WD-40 is evil. It leaves a residue that disolves the new grease.


----------



## odeum (May 9, 2005)

*when it comes to bb service*

i recommend pre-ut and phil wood bb, sevice interval: never.
the spectre of constant bb service was nice to have seen gone away for me anyway. more time to ride with clean hands.





yanksphan said:


> You certainly can. Jelly Belly actually serviced them prior to each race.


----------



## fabsroman (Jul 14, 2006)

I use an allen key on a socket to install it. Off the top of my head, I don't know if it was a 10mm or not. I know at first I was using a large Torx socket until I bought the correct allen wrench socket.

If you are good with tools, you will know exactly which allen wrench size fits in there.


----------



## bigbill (Feb 15, 2005)

Use a 10mm allen socket with a 4" extension and ratchet. If you can get one, use a torque wrench. You will be suprised how much torque is necessary. Check it after your first ride.


----------



## dead flag blues (Aug 26, 2004)

I've smoked the bearings on my Centaur UT crankset after a season of cyclocross. I'm going back to Phil Wood BB and square-taper Chorus cranks. 

Anyone have a Ti PW BB for sale?


----------



## wankski (Jul 24, 2005)

damn - ironic to see my post here. Pulled my centaur UT - DS bearing is toast. Need to replace. Might grab a chorus square taper if i can find one and reuse my old chorus BB instead. The rings are worn prematurely too.

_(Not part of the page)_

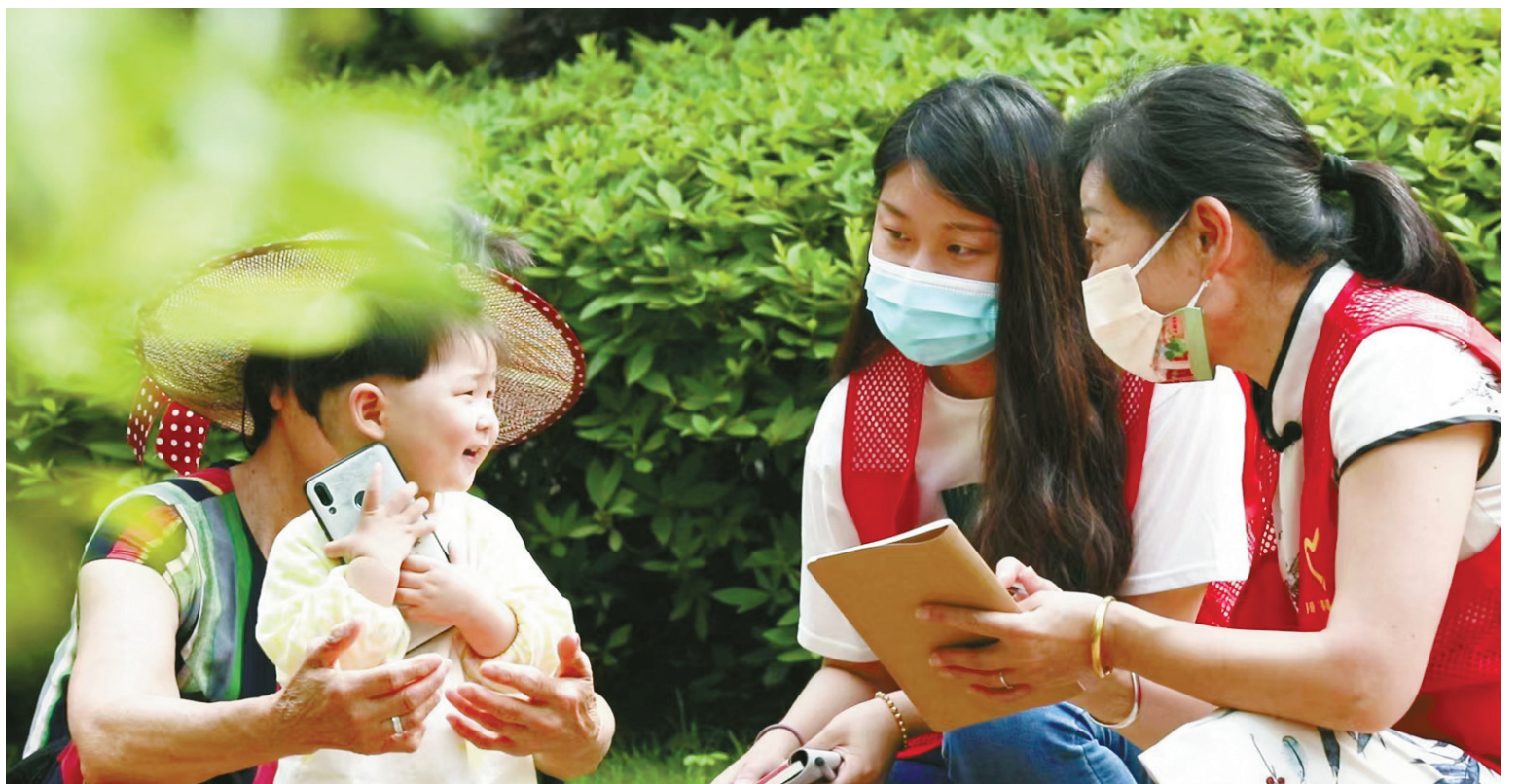
▲宁波市纪检监察系统深入开展漠视侵害群众利益问题专项治理,大力推动解决群众“急难愁盼”问题。图为北仑区纪委监委依托“网络廉盟”机制,深入社区倾听群众意见诉求。

IMO centaur UT quality has dipped. My old record rings had more miles and less wear - chorus BB still smooth.

pretty pissed at the mo.


----------



## David Loving (Jun 13, 2008)

I am reading more and more stories about how these bearings fail, and more and more stories about how often they need to be serviced. My old square taper bottom brackets don't require all that attention, although I am sending one of the phil woods back for new bearings, but it's about 10 years old. My old fashioned bottom brackets have not had the problems I read about here. I think I will wait for the next couple of model years before I even think about a change.


----------



## wankski (Jul 24, 2005)

i can understand. I dont think the current UT design will last long - no where near as long as square taper did. Soon BB30 will be standard and that will overcome some of the problems.

Looking at the NDS sealed bearing on the square taper BB, and the exposed balls on the UT system - the balls look a similar size. The difference is the ST BB is very well sealed, the UT isn't. Also the chorus/rec BB has double cartridge bearings on the DS.

butter smooth - the UT i think is worth noting, never felt as smooth at the ST, it always had more resistance and would not free spin the cranks up like ST does.


----------